- Merrill Location within Mississippi Merrill Location within the United States
- Coordinates: 30°58′45″N 88°43′14″W﻿ / ﻿30.97917°N 88.72056°W
- Country: United States
- State: Mississippi
- County: George
- Elevation: 52 ft (16 m)
- Time zone: UTC-6 (Central (CST))
- • Summer (DST): UTC-5 (CDT)
- GNIS feature ID: 673497

= Merrill, Mississippi =

Merrill is an unincorporated community in George County, Mississippi, United States. Prior to the creation of George County, Merrill was located in Greene County.

Merrill is located on the former Gulf, Mobile and Ohio Railroad and was once home to nine general stores, three turpentine distilleries, two sawmills, and a drugstore.

A post office operated under the name Merrill from 1898 to 1960.
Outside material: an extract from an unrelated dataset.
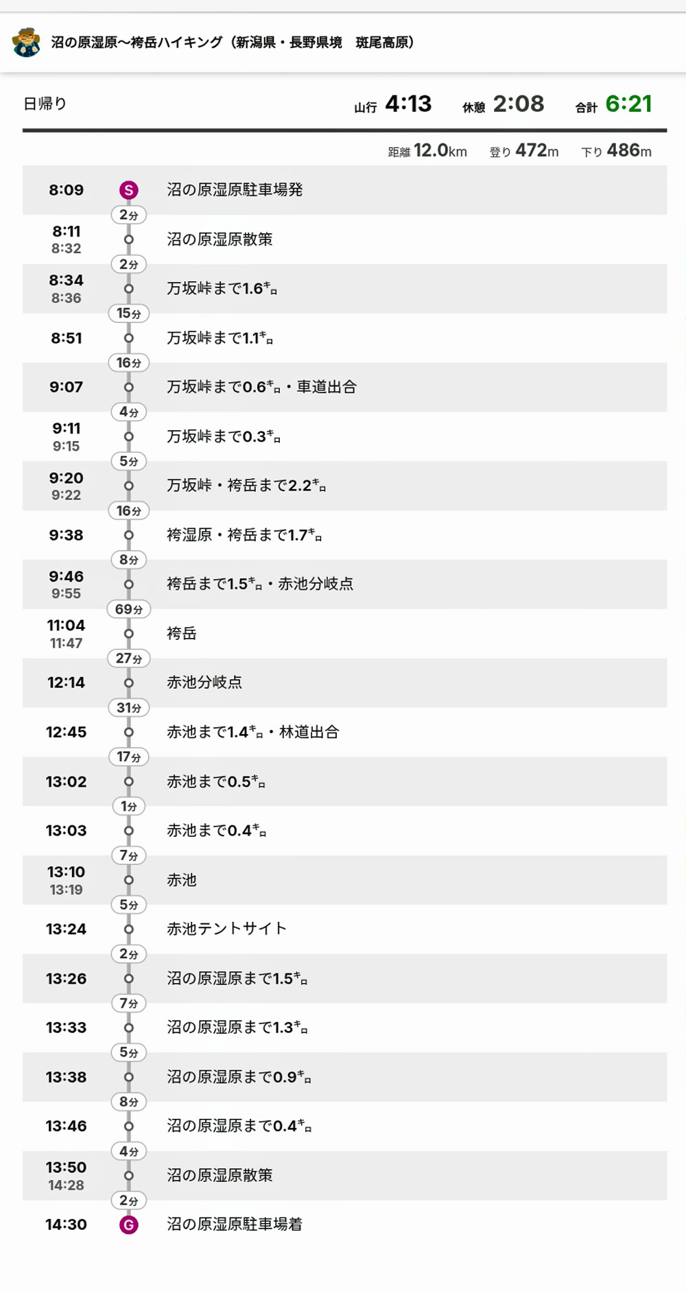 | 《沼の原湿原〜袴岳コースタイム他》 写真撮影時間20分〜100分含む |

The Merrill Bridge is the oldest still-intact bridge over the Pascagoula River. The bridge was built in 1928 and was the first bridge to cross the Pascagoula. It replaced a ferry that previously operated on the site. The bridge is now closed to traffic and is listed as a Mississippi Landmark. However, foot traffic is welcome on the bridge. The confluence of the Leaf River and Chickasawhay River can be seen north of the bridge.